Company’s Attempt to Enforce Class-Action Waiver Held Unconscionable

Gordon Law Group

A Federal District Court has denied a motion to dismiss a claim brought by employees seeking to bring a class action lawsuit against their employer under the Fair Labor Standards Act (FLSA) for nonpayment of overtime wages, in spite of a class action waiver found in the employer’s dispute resolution program. The case is Skirchak, et al. v. Dynamics Research Corp., Inc.

The court addressed both procedural unconscionability and substantive unconscionability.
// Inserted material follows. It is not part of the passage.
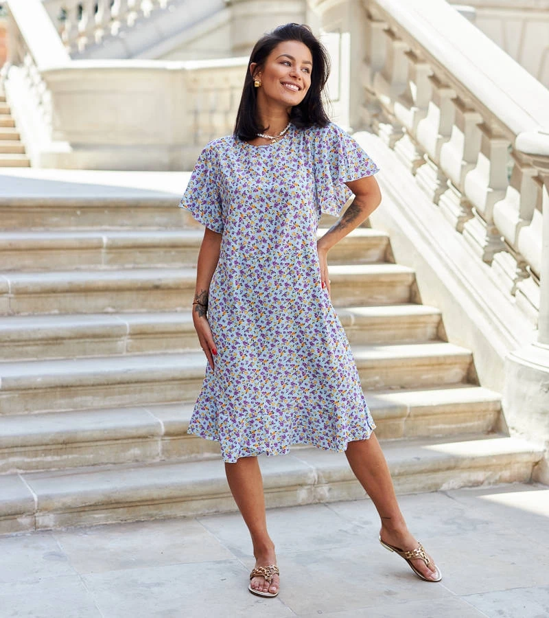 Ottavio fialové květinové plisované šaty

Procedurally, the court found evidence that the company rushed efforts to implement the program, foregoing its usual procedures for implementing policy changes (e.g., not holding meetings or conducting manager training). The court also found evidence that the company had knowledge of several wage payment violations. The use of email as the sole means of communicating the new program created “significant” notice problems, such that the employees could not be expected to have knowingly waived their rights to a trial. The court also pointed to the fact that the no mechanism existed to track whether employees opened and/or read the email’s contents. Altogether, the evidence supported striking down the waiver on the grounds of procedural unconscionability.
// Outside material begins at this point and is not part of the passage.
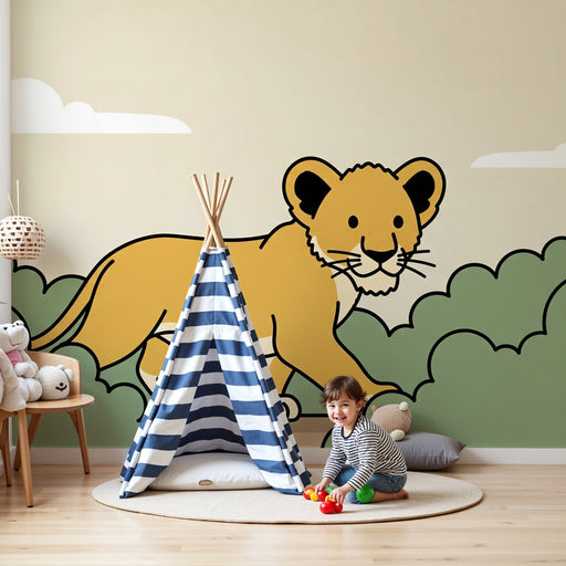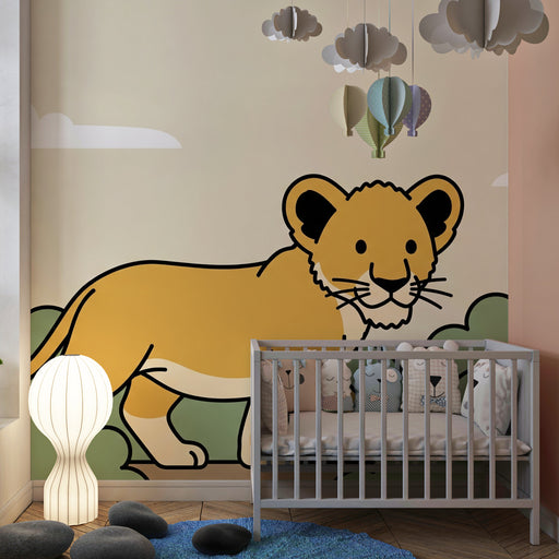 KidsWallTransformați camera copilului dvs. într-un adevărat safari cu acest tapet pentru copii care prezintă un pui de leu adorabil ieșind din savană. Cu o...

The court further found the program to be unconscionable on a substantive basis. The terms of the program were ruled “so one-sided as to be oppressive” and tantamount to forcing employees to “prospectively …waive their statutory rights to sue in order to obtain or maintain their employment.” Such a result was, in turn, “inconsistent with the FLSA’s purpose of protecting the class of employees that possesses the least bargaining power in the workforce: ‘the unprotected, unorganized and lowest paid of the nation’s working population’.” The court also noted that allowing enforcement of the program as written would effectively remove the corporation’s incentive to abstain from actions leading to lawsuits.

Under these circumstances, the court declined to enforce the class action waiver.

Creativity seems to be the buzz among company counsel. Fortunately, courts aren’t buying everything management attorneys are dishing out.